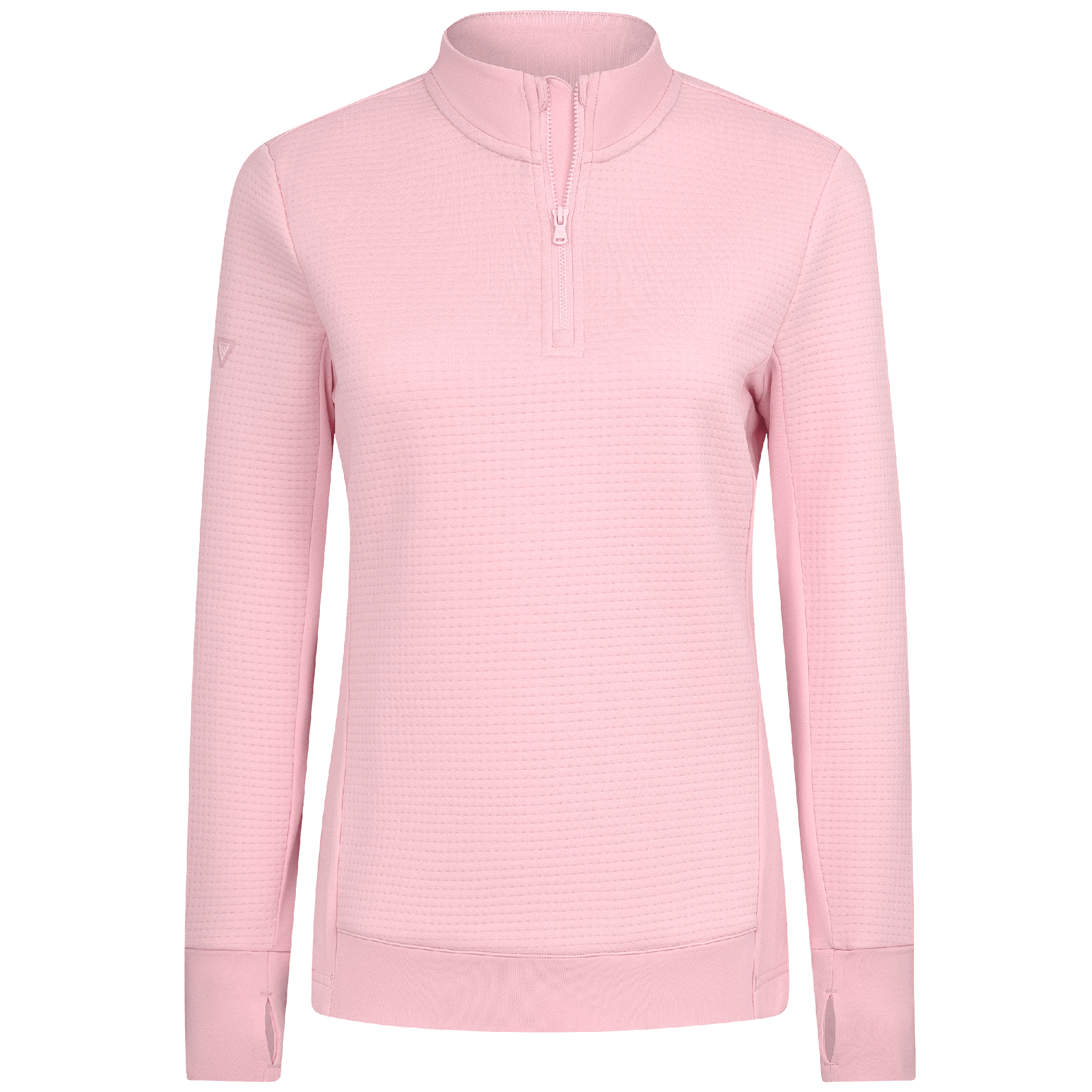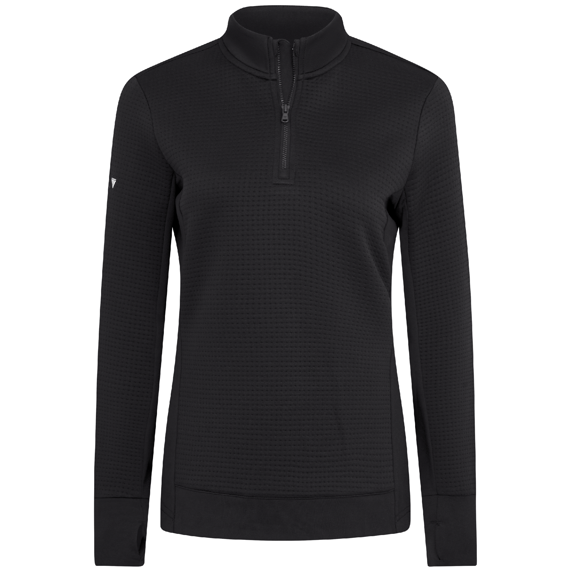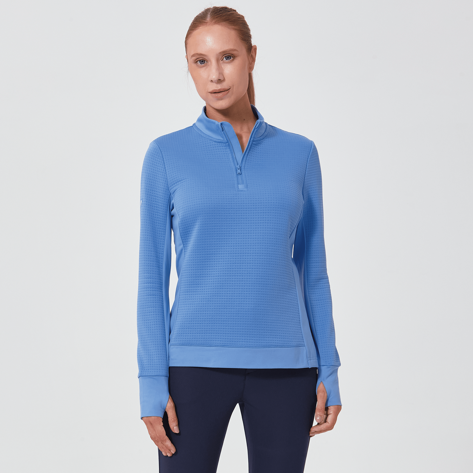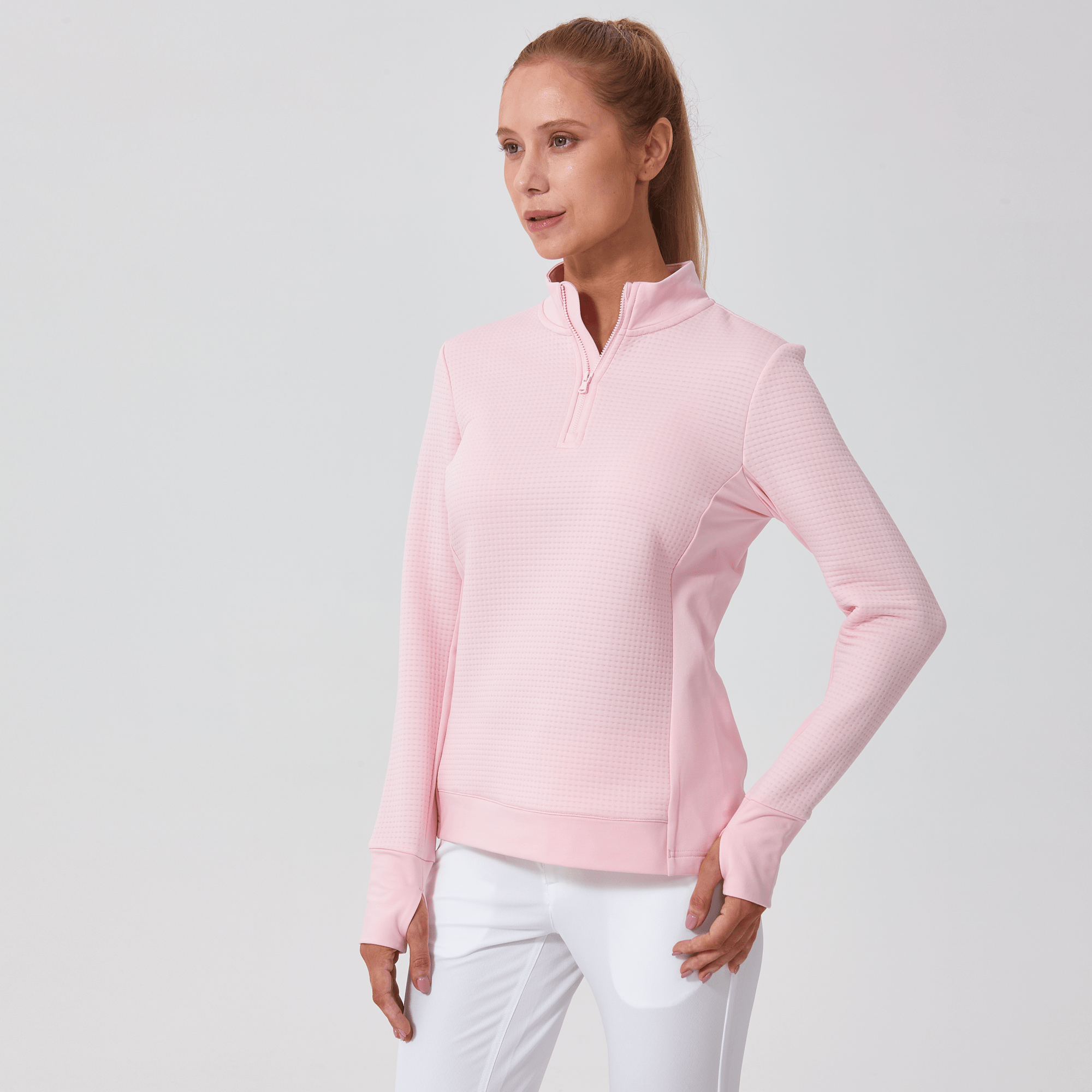 Meet the women's Cushion Quarter-Zip, meticulously crafted to meet the demands of active lifestyles. This top is made from 100% polyester jacquard fabric, which not only provides a unique texture but also brings essential performance features such as moisture-wicking to keep you dry, anti-static to reduce cling, and anti-pilling to ensure a smooth appearance over time. The quarter-zip design features a stand-up collar for adjustable coverage and style, while the thumbholes on the cuffs offer extra warmth and keep sleeves securely in place. Aesthetic contrasts in the solid collar, side panels, cuffs, and hem enhance the visual appeal and define the silhouette. Finished with a high-low hem for added coverage, the Cushion quarter-zip is an excellent choice for those seeking a functional yet stylish garment for outdoor activities, workouts, golf or casual wear.
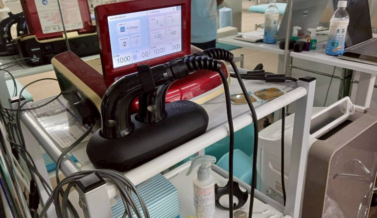 スタッフ1人あたり5人くらいを担当 1人あたり20~40分のリハビリです。 ※午前中は地域の高齢者の方が多く来院されます。 ※写真は超音波骨折治療器です。
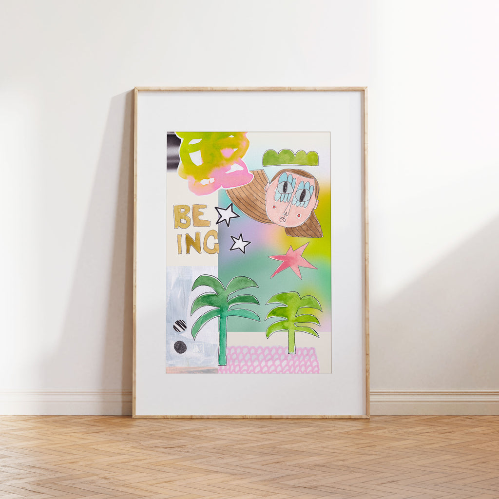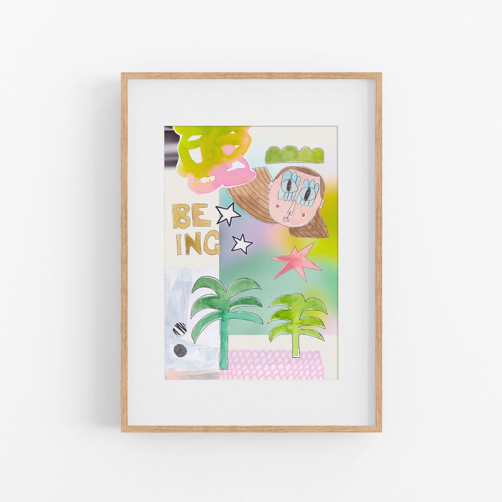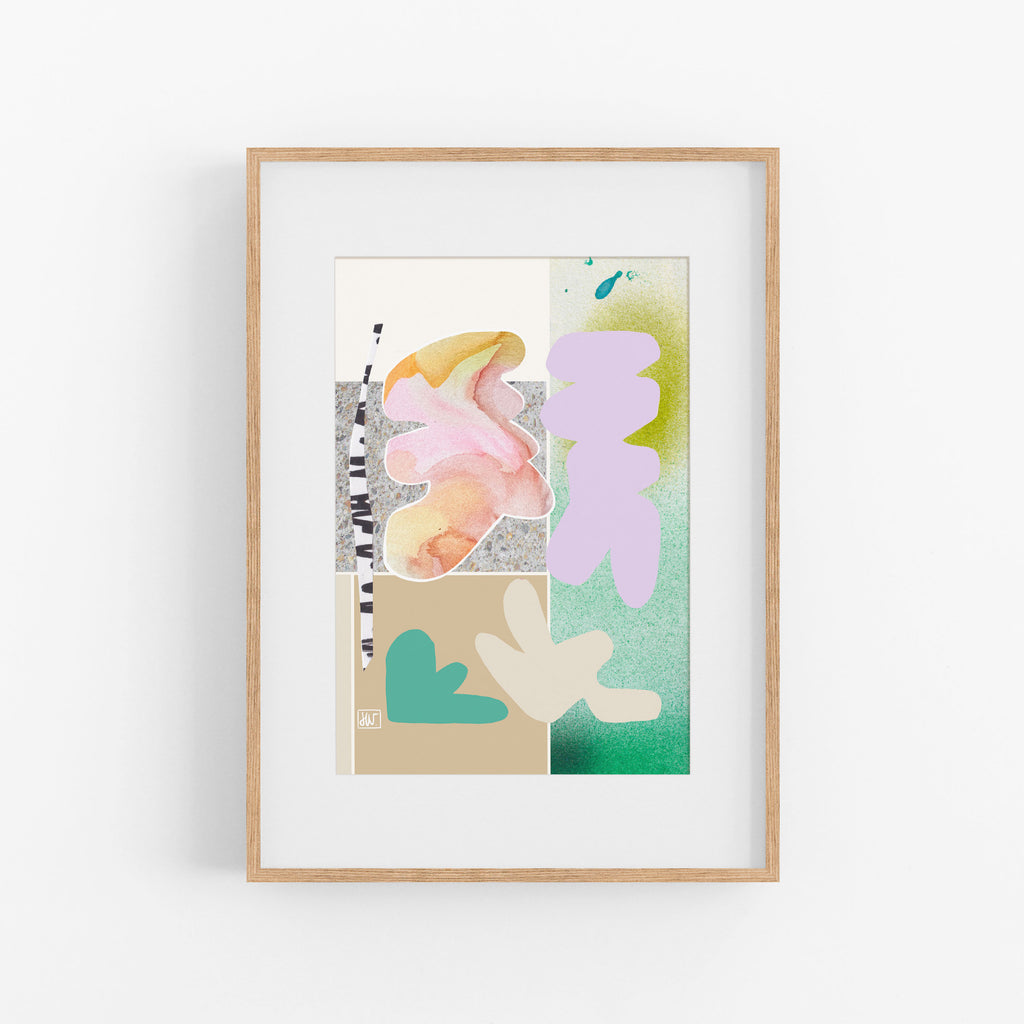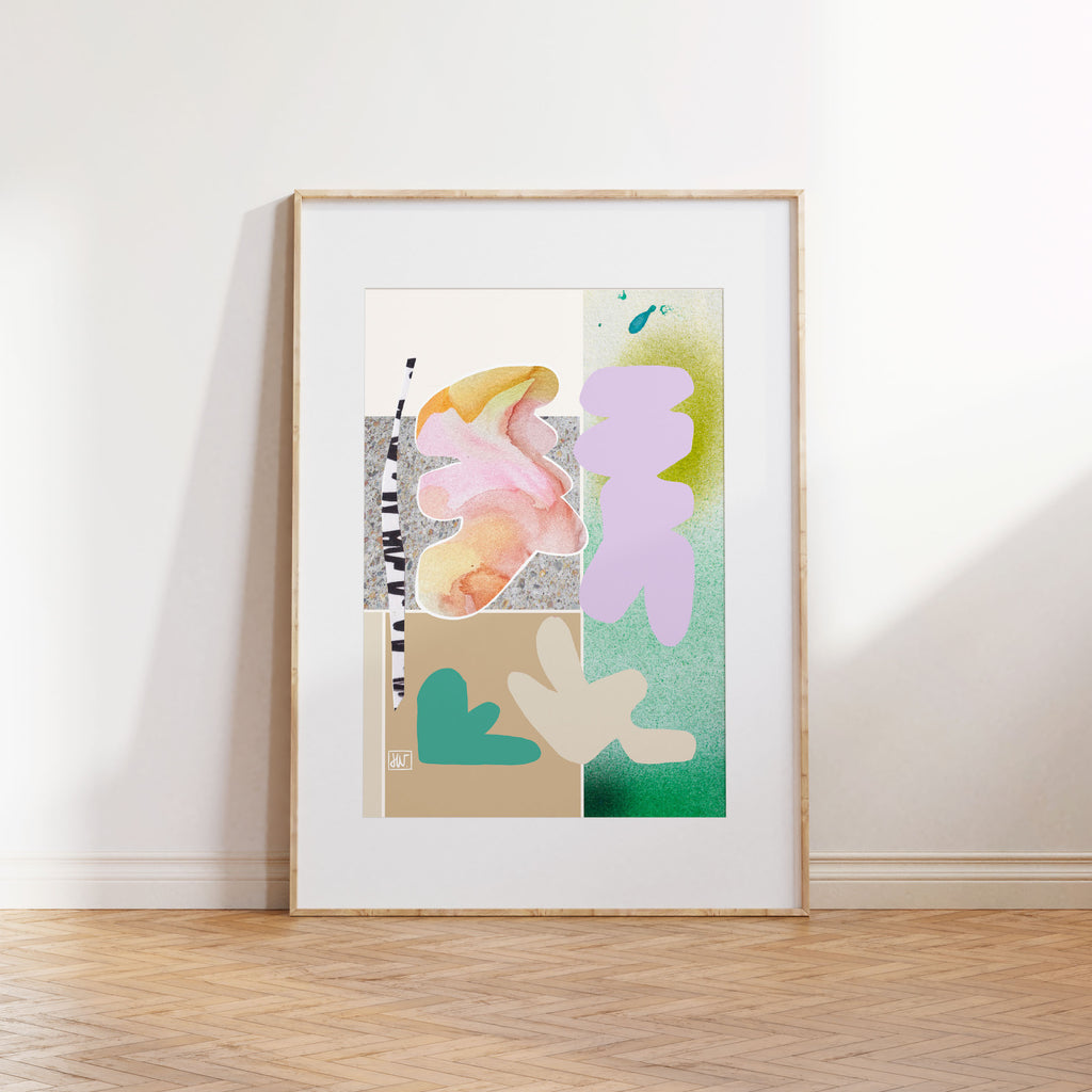 Premium paper art print in a wooden frame — clean and modern, ready to hang. Finished with passe-partout and glass for a refined finish.

══════════════════════════════

• _AIM OF THE EXERCISE_
Before handing back the copy, remove the pictures; otherwise print the data exactly.

• _RESPONSE_
 Meet the women's Cushion Quarter-Zip, meticulously crafted to meet the demands of active lifestyles. This top is made from 100% polyester jacquard fabric, which not only provides a unique texture but also brings essential performance features such as moisture-wicking to keep you dry, anti-static to reduce cling, and anti-pilling to ensure a smooth appearance over time. The quarter-zip design features a stand-up collar for adjustable coverage and style, while the thumbholes on the cuffs offer extra warmth and keep sleeves securely in place. Aesthetic contrasts in the solid collar, side panels, cuffs, and hem enhance the visual appeal and define the silhouette. Finished with a high-low hem for added coverage, the Cushion quarter-zip is an excellent choice for those seeking a functional yet stylish garment for outdoor activities, workouts, golf or casual wear.
 スタッフ1人あたり5人くらいを担当 1人あたり20~40分のリハビリです。 ※午前中は地域の高齢者の方が多く来院されます。 ※写真は超音波骨折治療器です。
 Premium paper art print in a wooden frame — clean and modern, ready to hang. Finished with passe-partout and glass for a refined finish.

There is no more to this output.